- This event has passed.
Spring 2022 GRASP SFI: Jason Ma, University of Pennsylvania, “Beyond Expected Reward in Offline Reinforcement Learning”
April 6, 2022 at 3:00 PM - 4:00 PM
*This will be a HYBRID Event with in-person attendance in Levine 512 and Virtual attendance via Zoom
Offline reinforcement learning (RL), which uses pre-collected, reusable offline data without further environment interactions, permits sample-efficient, scalable and practical decision-making; however, most of the existing literature (1) focuses on improving algorithms for maximizing the expected cumulative reward, and (2) assumes the reward function to be given. This limits the applicability of offline RL in many realistic settings — for instance, there are often safety or risk constraints that need to be satisfied, and the reward function is often difficult to specify. In this talk, we will explore how we can (1) train a broad class of risk-sensitive agents using purely risk-neutral offline data and provably prevent out-of-distribution extrapolations, and (2) bootstrap offline RL through flexible forms of expert demonstrations, significantly expanding the scope of valid supervision for offline policy learning. With these advances, we aim to bring offline RL closer to real-world applications.

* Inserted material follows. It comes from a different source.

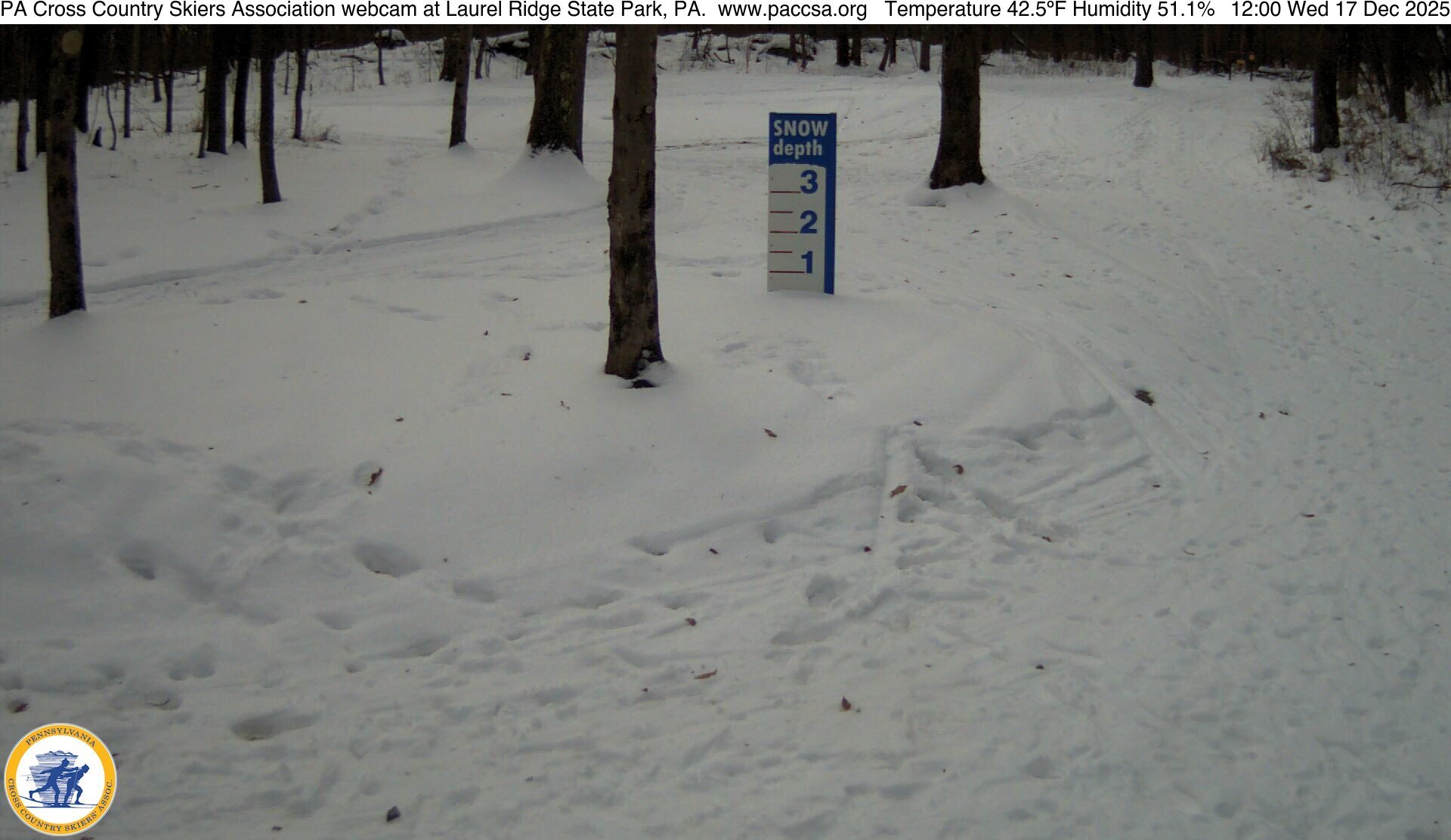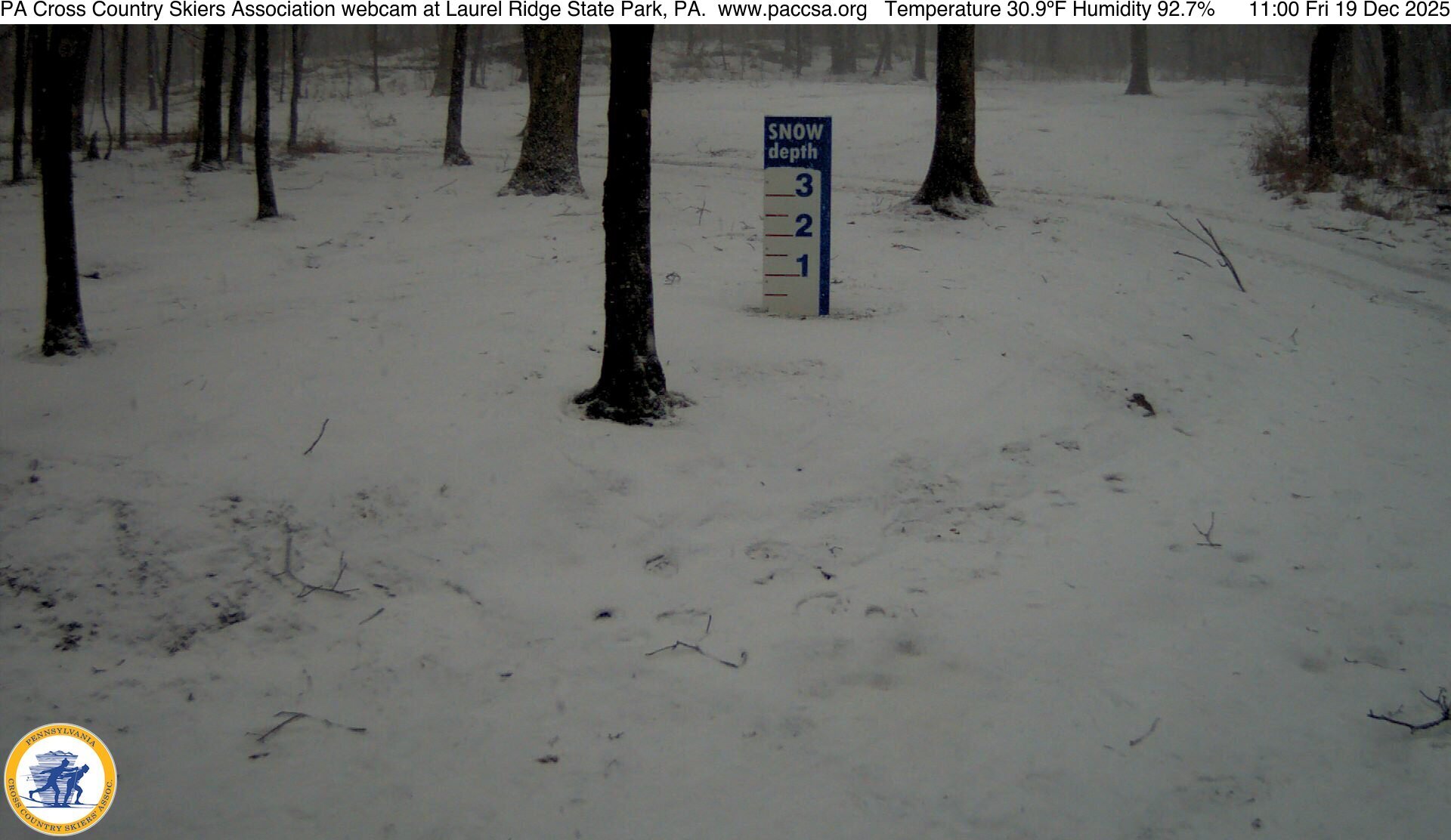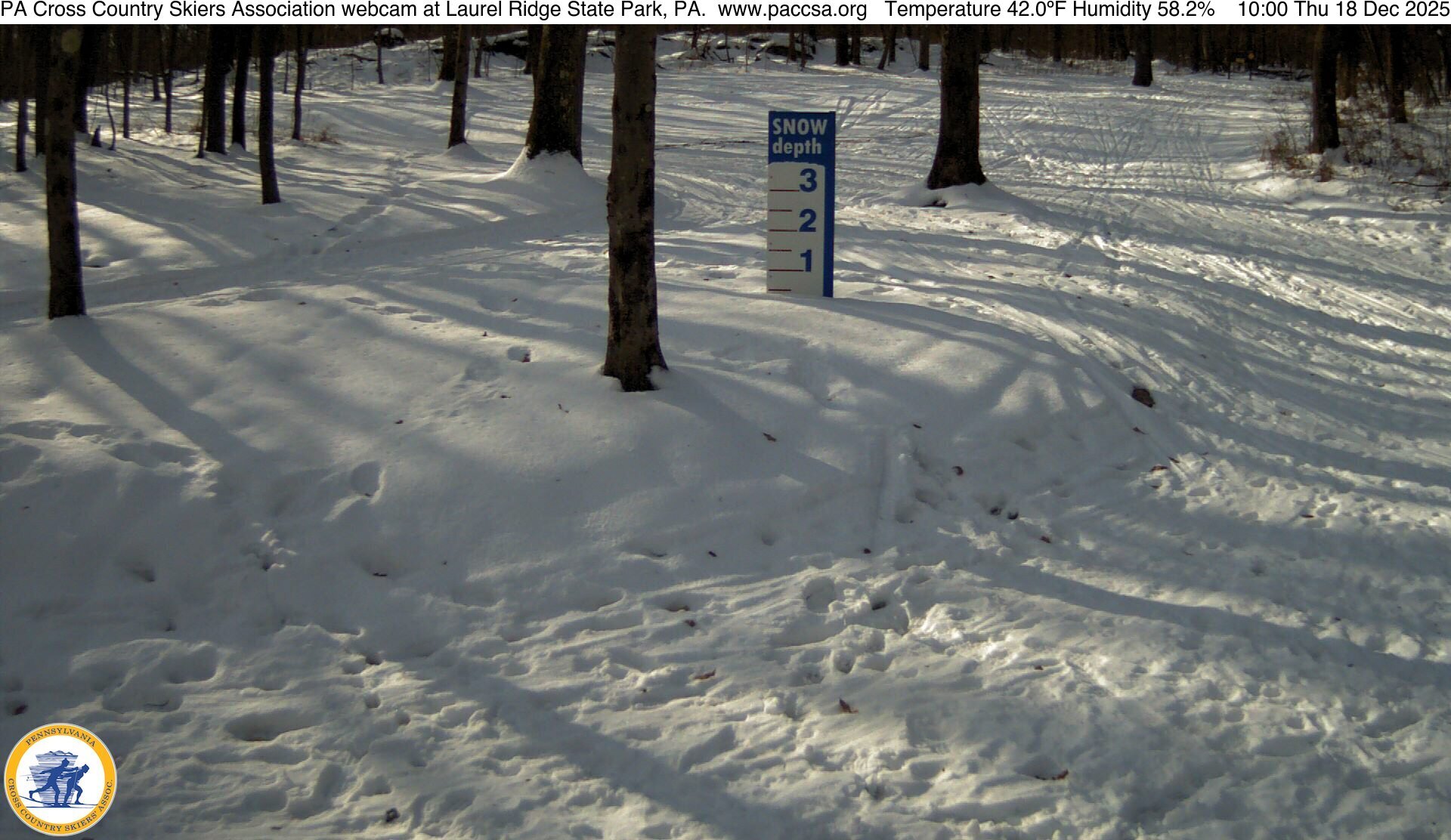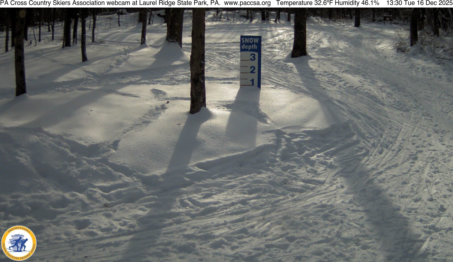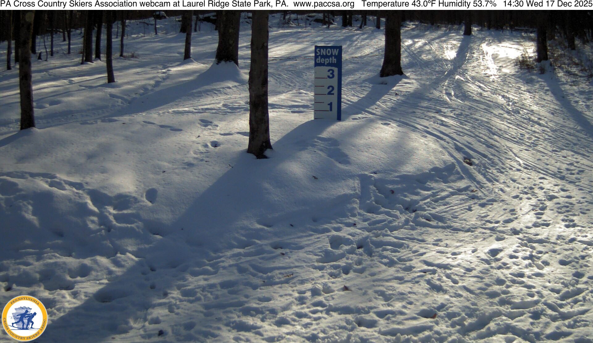 The webcam at Laurel Ridge State Park cross country ski area is owned and maintained by PACCSA, with the support of DCNR and donations from the public. Thank you to everyone who has contributed. The webcam operates from fall to spring, taking a photo of the ski area every half hour from sunrise to sunset. The ground elevation where it is sited is 852 m, 2795 ft.

University of Pennsylvania
Jason Ma is a 2nd-year PhD student in the Computer and Information Science department and the GRASP Laboratory at the University of Pennsylvania, where he is jointly advised by Prof. Osbert Bastani and Dinesh Jayaraman. Prior to Penn, Jason received his bachelor’s degree in Computer Science from Harvard University, where he was a winner of the Thomas T. Hoopes prize. His research interests include machine learning, reinforcement learning, and robotics.